Independência dos Países Colonizados
O 25 de Abril pôs fim à guerra colonial, e contribuiu para a independência e autodeterminação dos povos africanos que se encontravam sob o jugo colonial do regime fascista. Nos anos de 1974 e 1975 Portugal reconheceu a independência destes povos, conferindo-lhes a oportunidade da condução dos seus rumos.
 
Conferência de Helsínquia
Um excelente exemplo de normalização das relações internacionais portuguesas é a participação de Portugal na Conferência sobre a Segurança e Cooperação na Europa, também conhecida como Conferência de Helsínquia. O Acto Final desta Conferência foi assinado por 33 países.E nela ficaram consagradas diversas temáticas, entre as quais se salienta os princípios estabelecidos no ponto primeiro, como a abstenção do recurso à força e à ameaça; inviolabilidade de fronteiras; solução política dos litígios e não intervenção nos assuntos internos; respeito dos direitos humanos; igualdade de direitos e autodeterminação dos povos; cooperação entre os estados.

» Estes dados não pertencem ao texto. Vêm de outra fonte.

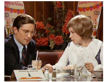
1970 LES NUITS DE NEW YORK (Hi, Mom !) de Brian de Palma avec Jennifer Salt

Definiu-se ainda, entre outros, a dissolução simultânea do Pacto do Atlântico Norte e do Pacto de Varsóvia, o fim da corrida ao armamento, o desarmamento nuclear e cooperação no plano humanitário.Dá-se especial destaque ao discurso do Presidente da República, o General Costa Gomes proferido em 1.08.1975 em Helsínquia, uma vez que simboliza uma nova linha de actuação da política internacional do país, no sentido da verdadeira defesa da paz.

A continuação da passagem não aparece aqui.